The torture made it worse
by digby
For the gazillionth time, torture doesn’t work. I know that people who like torture and enjoy making people suffer really, really want to believe it does so they don’t have to deal with the fact that they may be soulless psychos, but it won’t change the fact that it just ain’t so:
Defenders of the Bush administration’s interrogation policies have claimed vindication from reports that bin Laden was tracked down in small part due to information received from brutalized detainees some six to eight years ago.
But that sequence of events — even if true — doesn’t demonstrate the effectiveness of torture, these experts say. Rather, it indicates bin Laden could have been caught much earlier had those detainees been interrogated properly.
“I think that without a doubt, torture and enhanced interrogation techniques slowed down the hunt for bin Laden,” said an Air Force interrogator who goes by the pseudonym Matthew Alexander and located Abu Musab al-Zarqawi, the leader of al Qaeda in Iraq, in 2006.
It now appears likely that several detainees had information about a key al Qaeda courier — information that might have led authorities directly to bin Laden years ago. But subjected to physical and psychological brutality, “they gave us the bare minimum amount of information they could get away with to get the pain to stop, or to mislead us,” Alexander told The Huffington Post.
“We know that they didn’t give us everything, because they didn’t provide the real name, or the location, or somebody else who would know that information,” he said.
In a 2006 study by the National Defense Intelligence College, trained interrogators found that traditional, rapport-based interviewing approaches are extremely effective with even the most hardened detainees, whereas coercion consistently builds resistance and resentment.
I realize that for many people this is counter-intuitive. But terrorists who hold highly sensitive intelligence are the kind of people for whom a self-image of tough, resistant warriors is definitional. It’s not like holding your little brother in a wrestling hold and making him cry uncle.

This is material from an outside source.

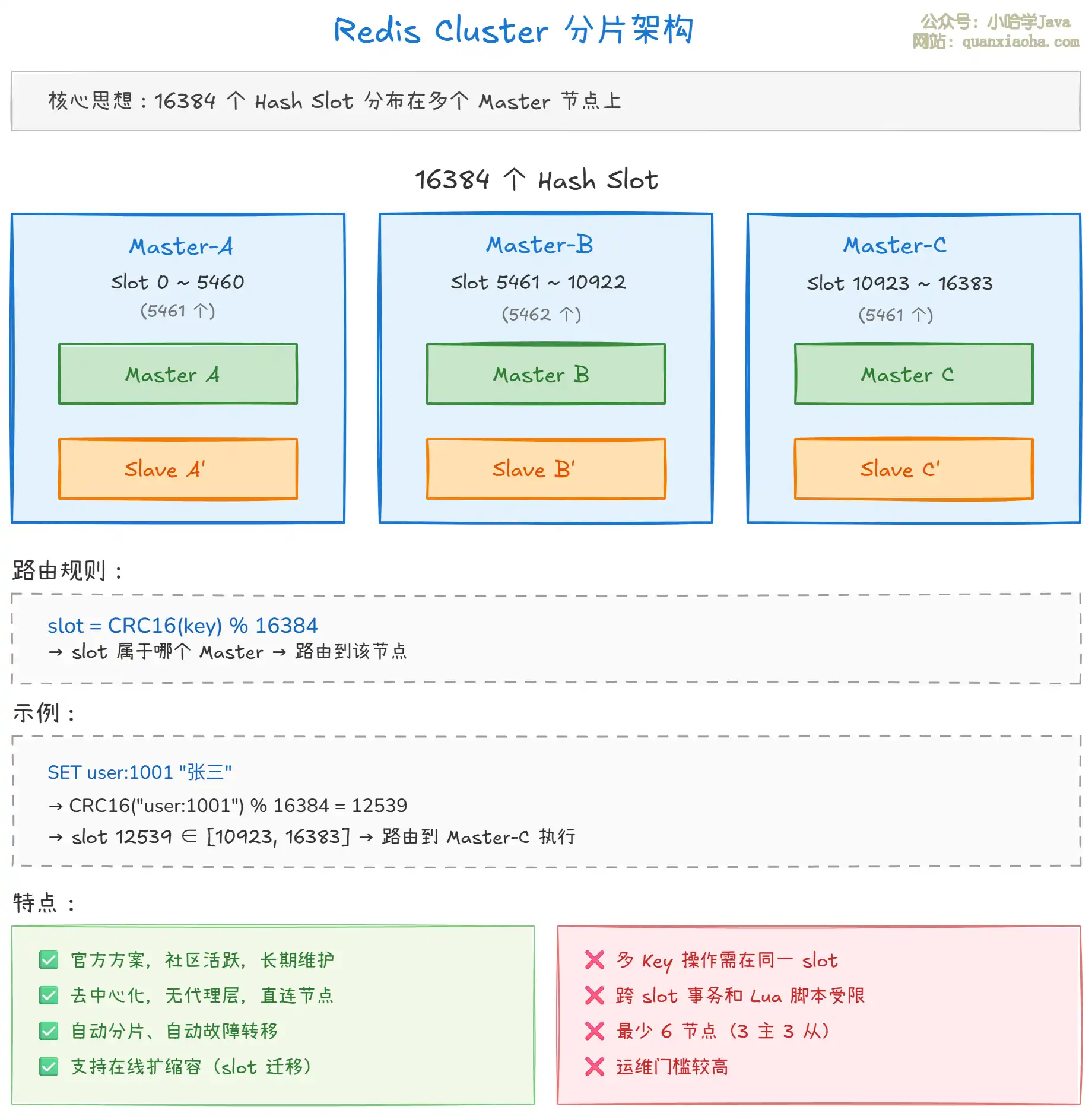 Cluster 核心:16384 slot 分片,CRC16 取模路由,Gossip 去中心化通信。

People have studied human psychology long enough now to realize that if you want real information as opposed to false confessions and misinformation from these people, you’ll use a different approach.
But then, I’ve never been convinced that the people who were ordering the torture ever cared much about the quality of the information it produced. They were interested in “metrics” and “intelligence product.” As long as information was flowing they were doing their jobs and that’s all that mattered.